Tears - As lágrimas de uma menina escrita por manasama677


Capítulo 1
Tears - As lágrimas de uma menina (Capítulo único)




Este capítulo também está disponível no +Fiction: plusfiction.com/book/798609/chapter/1

Sempre que eu voltava da aula, o assunto do meu irmão com a minha mãe era o mesmo:

 

— AHHHHH! Que ódio daquele professor desgraçado!

— O que foi, menino?

— Um F! Como ele se atreve?

— Mas você acertou alguma coisa?

— Não!!

— Mas então, do que você está reclamando?

— Gente, cheguei.

— Mas é que ele…!!

— Aiai, ninguém me ouve.

 

Todo dia era isso, até que ele foi reprovado de uma vez. Conclusão: eu já o odiava antes mesmo de conhecê-lo…

 

(…)

 

— Cecille! Cecille! Rápido, preciso te dizer uma coisa!

— O que foi, Ada?

— Sabe o professor que começou o ano afastado porque estava doente? O Sr. Felps, que o substituía, está comentando que ele volta a partir da semana que vem!

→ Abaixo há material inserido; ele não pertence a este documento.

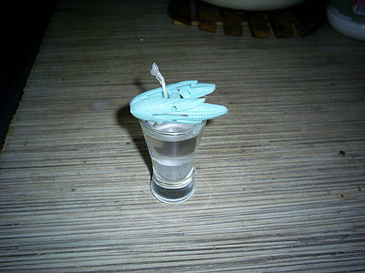 Теперь отрезаем кусочек фитилька и на один его конец крепим кусочек сухого парафина. Кладем фитилек в рюмку. Выливаем в нее жидкий парафин. Обмакиваем им выступающий кончик фитилька и закрепляем в нужном положении с помощью прищепки.
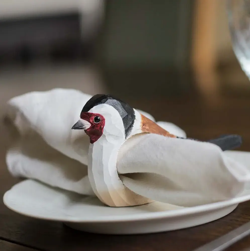 El servilletero está tallado a mano imitando el pájaro de jardín Jilguero. Hay una gran variedad de pájaros disponibles en nuestra línea de servilleteros. Mezcla y combina tus pájaros favoritos para crear una mesa divertida con un toque de naturaleza.
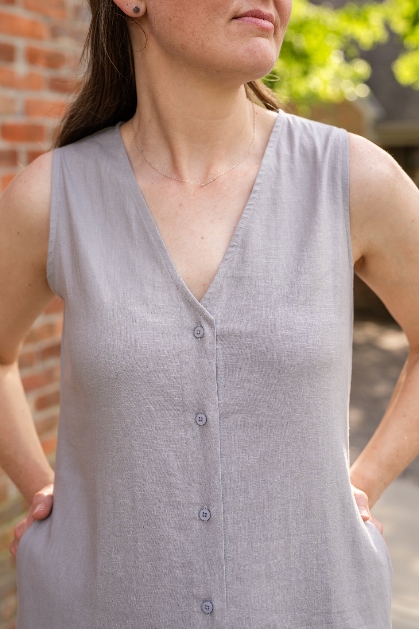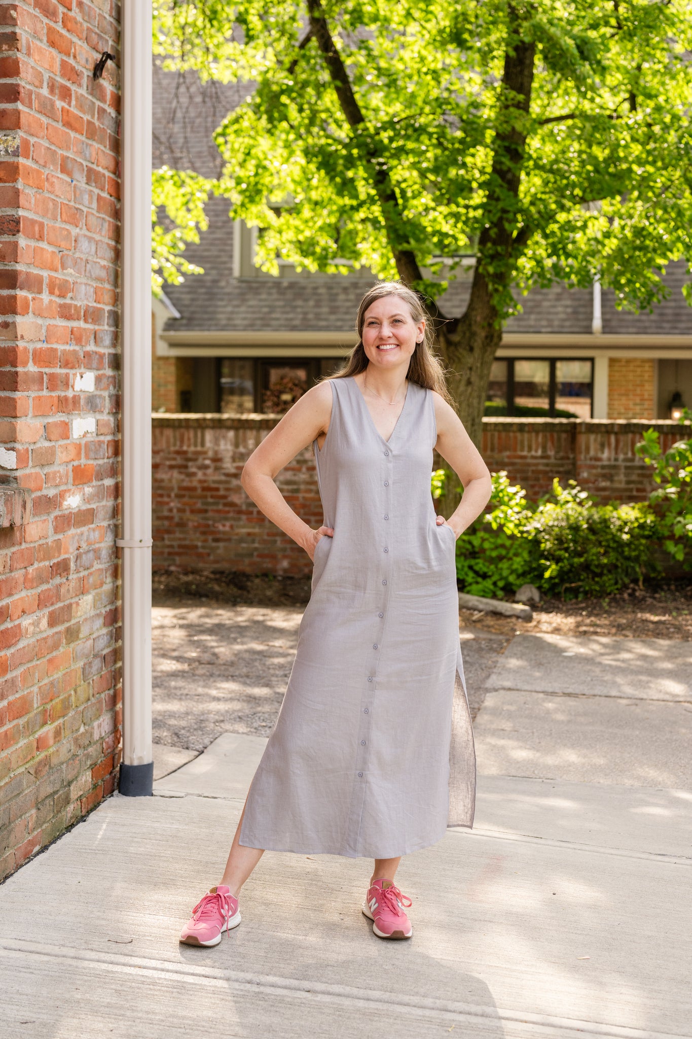 A versatile linen dress that transitions effortlessly from spring through fall. Pair with a sweater and sneakers, sandals and a hat for beach days, or add a jacket and boots for cooler weather.
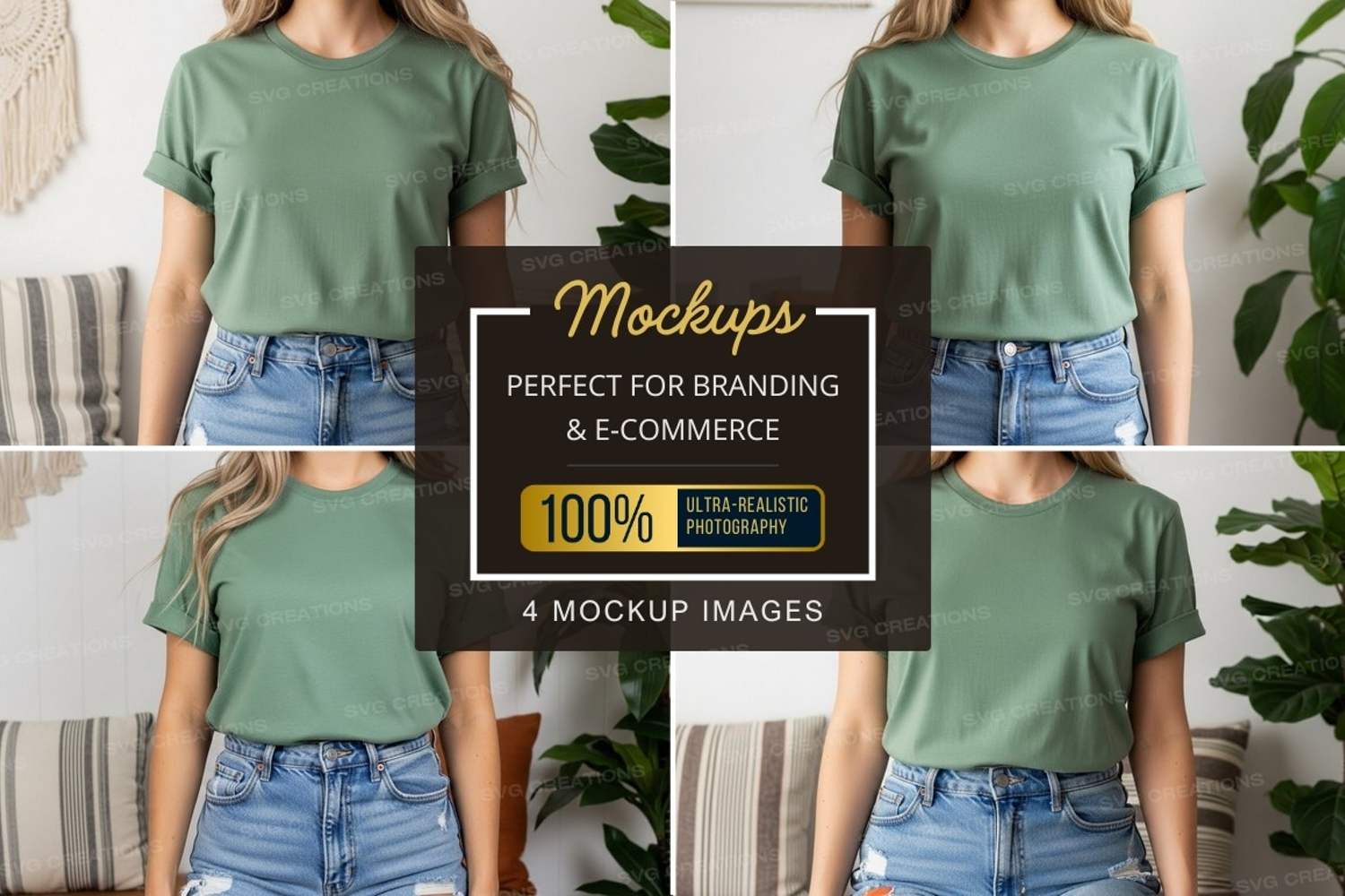Fashion T-shirt Mockup Jeans Front View Side View Back View Sage Green Women's Clothing Casual Wear
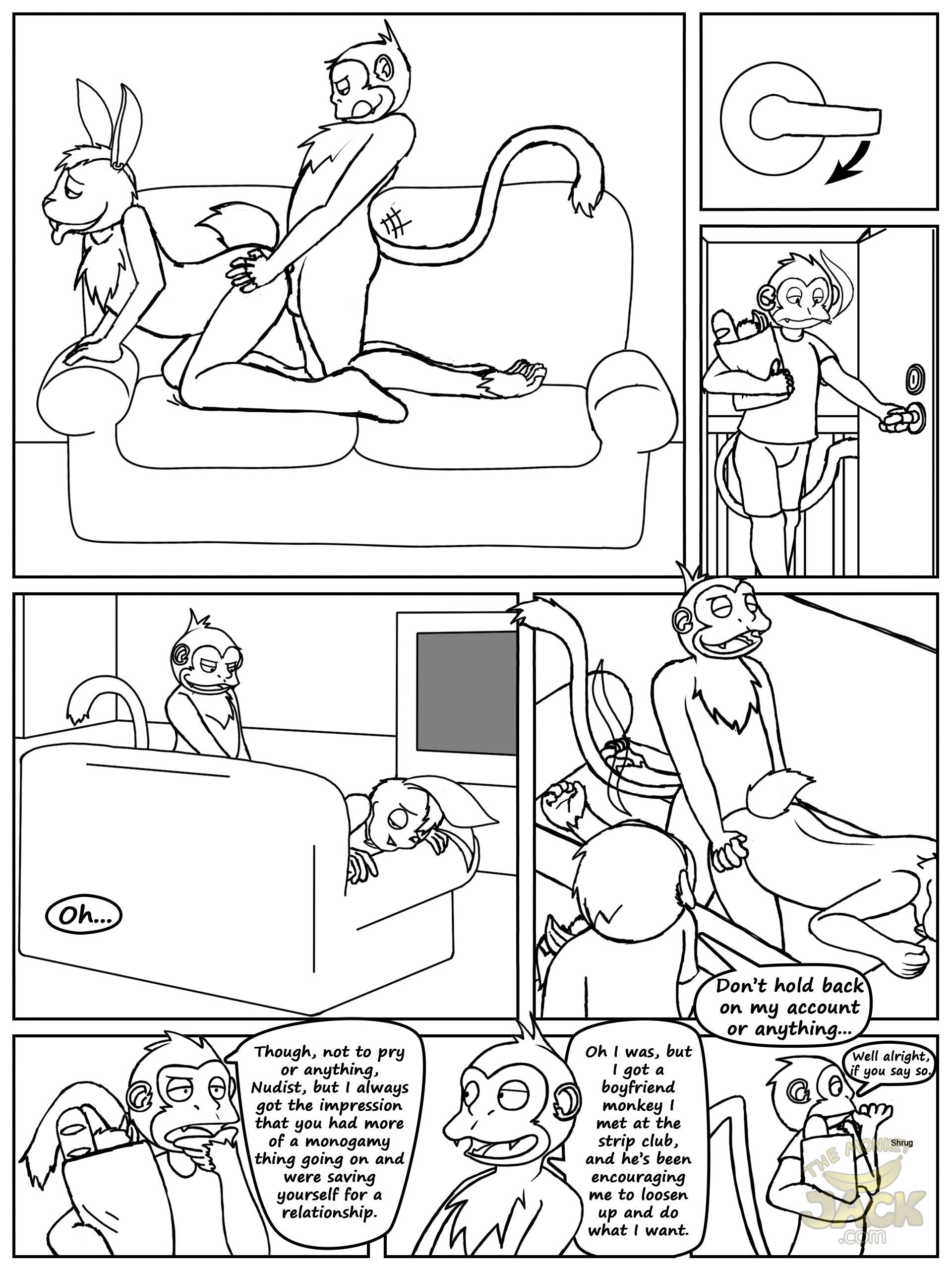 A story about a monkey who decides he can't bear to wear clothes anymore... but he picks a questionable time to make that decision-- right in public in broad view of everyone at college. He is quickly expelled, but a friendly open-minded future roommate monkey gives him a place to stay and assistance getting back on his feet. Follow Nudist Monkey (that's his name) and the new friends and acquaintances he makes along the way as they all go through life while enjoying everything that makes nudity so great.
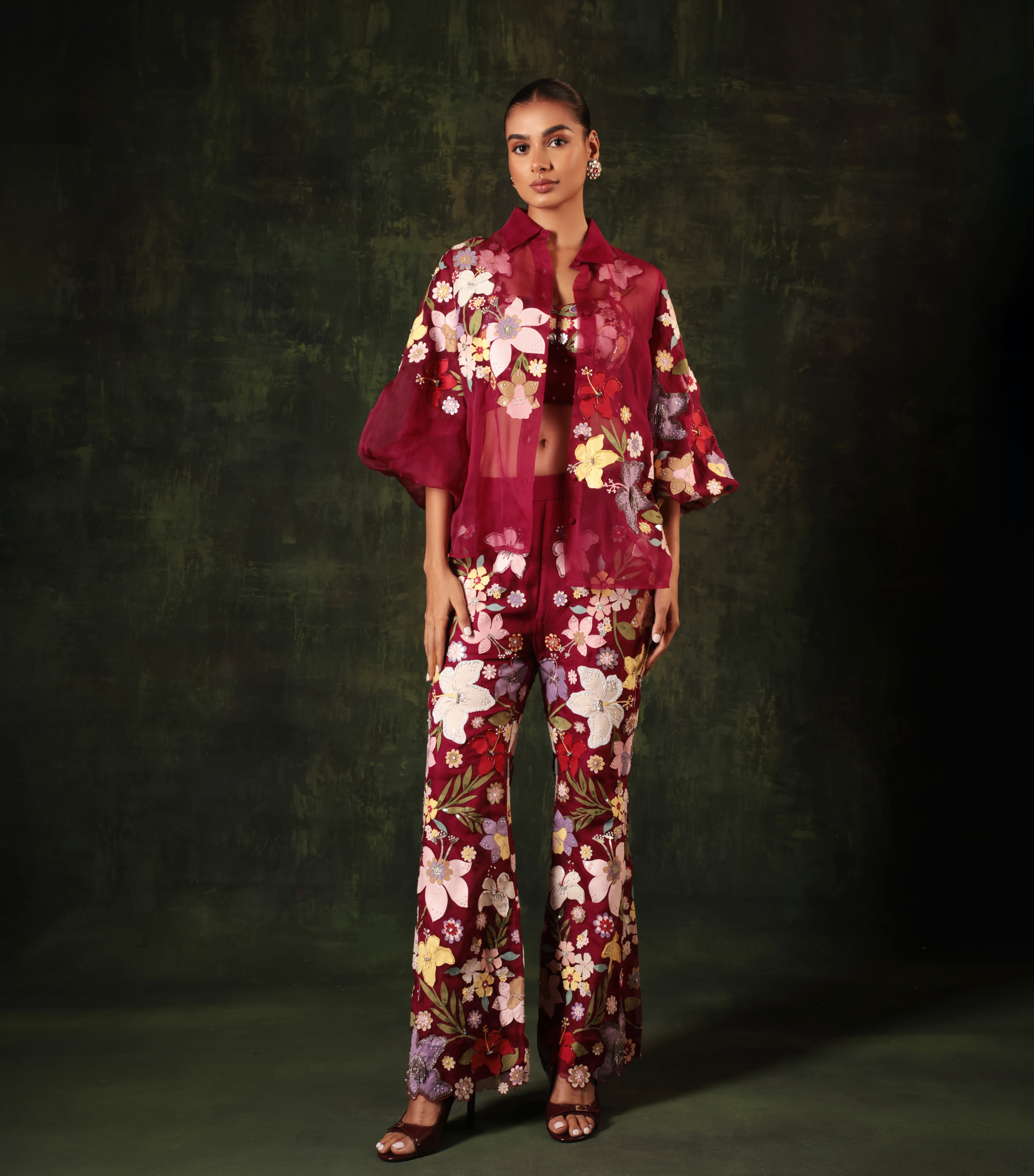 Description: The enchanting co-ord set is a celebration of elegance and artistry — featuring a sheer organza shirt adorned with delicate floral botanical embroidery, paired with beautifully embellished wide-leg pants. A statement ensemble designed to captivate at every glance.

— Sério? E aquele caderno de questões que a gente deveria entregar, o que vai acontecer com ele?

— Sei lá, estão dizendo que ele não vai mais levar esse trabalho em consideração só porque foi outro professor que passou! Aliás, estão dizendo que ele é terrivelmente chato! Sabia que eu estou até com medo de ele ser aquele professor que o seu irmão vivia falando? Seria muito azar, né?

— Ah, nem me fala!

 

A semana seguinte chegou e, com ela, o professor que a partir dali nos daria aula de matemática até o fim do ano.

 

— O nome dele é Ryan Spencer. Vi no mural a caminho daqui. E aí, é ele?

— O nome dele é o quê?

— Ryan. Spencer.

— Ai, não. Não. Pelo nome, é o próprio…! Espero que seja outro cara com o mesmo nome. Mas só a mamãe poderia responder essa, já que veio aqui no colégio umas sessenta vezes falar com ele no ano passado. Pior que sempre voltava para casa dizendo que ele era um cavalheiro! Pode isso? Que raiva!

— Vocês duas, que estão conversando, saberiam resolver esta questão que acabei de colocar no quadro?

— O quêêêêê?!

 

Ele era tão jovem que poderia ser facilmente confundido com qualquer um de nós. Eu podia jurar que se tratava de um aluno novo e não um professor.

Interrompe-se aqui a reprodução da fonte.